Desynchronization of the ECG spectrum is more vividly expressed in case of arrhythmia as it can be seen in Figure 3.

It is possible to conclude that a heart being a multi resonant distributed dynamic system filled with electrolyte may be resonantly influenced by a canonical FPU electromagnetic spectrum, which can supposedly decrease the rate of desynchronization in the ECG Fourier spectrum for example in case of arrhythmia.

#### Hypothesis

Since it was previously theoretically shown that a resonant interaction between the FPU recurrences is real [6], there could be put forward a hypothesis of a possible resonant correction of the desynchronized complex FPU recurrence structure of the ECG Fourier spectra sequence in some pathological states by non-invasive application on the heart the canonical FPU recurrence electromagnetic spectrum which could diminish the rate of the ECG Fourier spectral desynchronization.

#### Verification of the hypothesis through mathematical modeling

The distortion of the FPU recurrence ECG spectrum in case of arrhythmia (Figure 3) can be hypothetically forcedly synchronized in the process of a resonant interaction [6] with the canonical FPU recurrence spectrum. To check this assumption the computer modeling of the process has been carried out. For this purpose the mathematical model of the heart electrical activity within the framework of the auto FPU recurrence concept [5] has been used. The real ECG Fourier spectra analysis revealed two their extreme forms: so called the Fourier image of a rectangular impulse (Figure 4 upper left and right graphs) and the exponential impulse (Figure 4. low left and right graphs).

**Figure 3**: Fourier image of the patient’s ECG with arrhythmia. Horiz. Axis frequency Hz. Vert. Axis. mv.

**Figure 4**: Fourier image of a rectangular impulse (upper left graph, conditional units) and related ECG Fourier image (upper right graph Horiz. Axis frequency Hz. Vert. Axis. mv) and the Fourier image of an exponential impulse (low left graph, conditional units) and related ECG Fourier image (low right graph Horiz. Axis frequency Hz. Vert. Axis. mv).

A regular cardiostimulator has a Fourier spectrum representing a combination of rectangular and exponential pulses Fourier images (Figure 5).

**Figure 5**. Fourier spectrum of the real ECG with a cardiostimulator realizing a combination of the Fourier spectra of both rectangular and exponential pulses. Horiz. Axis frequency Hz. Vert. Axis. mv.

All mentioned above suggested canonical external synchronizing FPU recurrence spectrum generation in a form of combination of a harmonic function and an exponential function. The obtained canonical FPU functions have been put into the right part of the model equations [5] as perturbing functions. The initial model ECG solution of the coupled equations system for the case of arrhythmia and its Fourier spectrum are shown in the Figures 6 and 7.

**Figure 6.** Model ECG solution of the mathematical model for the case of arrhythmia. Horiz.axis - frequency vert.axis - amplitude, conditional units.

**Figure 7:** Fourier spectrum of the ECG arrhythmia solution of the mathematical model. Horiz.axis - frequency vert.axis - amplitude, conditional units

After applying to the model, the synchronizing function in a form of the canonical FPU spectrum the arrhythmia ECG for and its Fourier spectrum changed for normal patterns as it can be seen in Figures 8 and 9.

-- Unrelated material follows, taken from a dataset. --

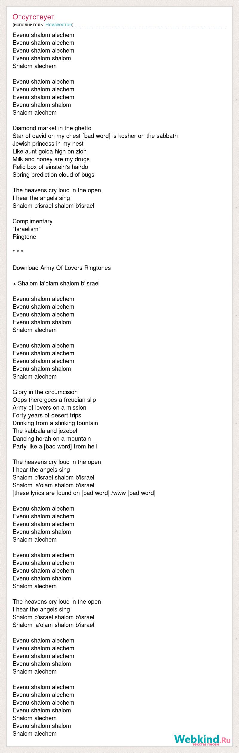 Evenu shalom alechem Evenu shalom alechem Evenu shalom alechem Evenu shalom shalom Shalom alechem Evenu shalom alechem Evenu shalom alechem Evenu shalom alechem Evenu shalom shalom Shalom alechem Diamond market in the ghetto Star of david on my chest [bad word] is kosher on the sabbath Jewish princess in my nest Like aunt golda high on zion Milk and honey are my drugs Relic box of einstein's hairdo Spring prediction cloud of bugs The heavens cry loud in the open I hear the angels sing Shalom b'israel shalom b'israel Complimentary "Israelism" Ringtone * * * Download Army Of Lovers Ringtones > Shalom la'olam shalom b'israel Evenu shalom alechem Evenu shalom alechem Evenu shalom alechem Evenu shalom shalom Shalom alechem Evenu shalom alechem Evenu shalom alechem Evenu shalom alechem Evenu shalom shalom Shalom alechem Glory in the circumcision Oops there goes a freudian slip Army of lovers on a mission Forty years of desert trips Drinking from a stinking fountain The kabbala and jezebel Dancing horah on a mountain Party like a [bad word] from hell The heavens cry loud in the open I hear the angels sing Shalom b'israel shalom b'israel Shalom la'olam shalom b'israel [these lyrics are found on [bad word] /www [bad word] Evenu shalom alechem Evenu shalom alechem Evenu shalom alechem Evenu shalom shalom Shalom alechem Evenu shalom alechem Evenu shalom alechem Evenu shalom alechem Evenu shalom shalom Shalom alechem The heavens cry loud in the open I hear the angels sing Shalom b'israel shalom b'israel Shalom la'olam shalom b'israel Evenu shalom alechem Evenu shalom alechem Evenu shalom alechem Evenu shalom shalom Shalom alechem Evenu shalom alechem Evenu shalom alechem Evenu shalom alechem Evenu shalom shalom Shalom alechem Evenu shalom shalom Shalom alechem

**Figure 8:** Normalized model ECG solution of the mathematical model after applying the spectrum of the canonical FPU recurrence. Horiz.axis - frequency vert.axis - amplitude, conditional units.

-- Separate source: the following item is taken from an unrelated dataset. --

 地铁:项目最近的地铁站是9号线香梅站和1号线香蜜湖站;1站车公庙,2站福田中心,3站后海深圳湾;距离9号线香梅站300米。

**Figure 9:** Fourier spectrum of the normalized ECG solution of the mathematical model after applying the spectrum of the canonical FPU recurrence. Horiz.axis - frequency vert.axis - amplitude, conditional units.

Thus, as a result of modeling there was shown a principal possibility of the ECG Fourier spectrum forced normalization by applying a synchronizing external function in the form of the canonical FPU recurrence spectrum. Since a heart represents a distributed dynamic ionic resonator an applied electromagnetic FPU spectrum can be used as a therapeutic tool.

The FPU recurrence looks to be an effective instrument for evaluation the heart electrical dynamics picture. Differ from the Poincare recurrence, which requires the return of both amplitude and phase to their initial state, the FPU complex recurrence demonstrates non - identical return patterns to the initial state. That means that FPU analysis for enough long periods of heart activity gives a possibility of prediction its behavior for the future. Moreover, it is possible to conclude that a heart being a multi resonant distributed dynamic system may be resonantly influenced by a canonical FPU electromagnetic spectrum, which can supposedly decrease the rate of desynchronization in the ECG Fourier spectrum for example in case of arrhythmia. Mathematical modeling proved the reality of this idea. After applying to the heart activity mathematical model the synchronizing external function in a form of the canonical FPU spectrum the arrhythmia ECG form as well as its Fourier spectrum structures changed to normal patterns. So the hypothesis has been confirmed.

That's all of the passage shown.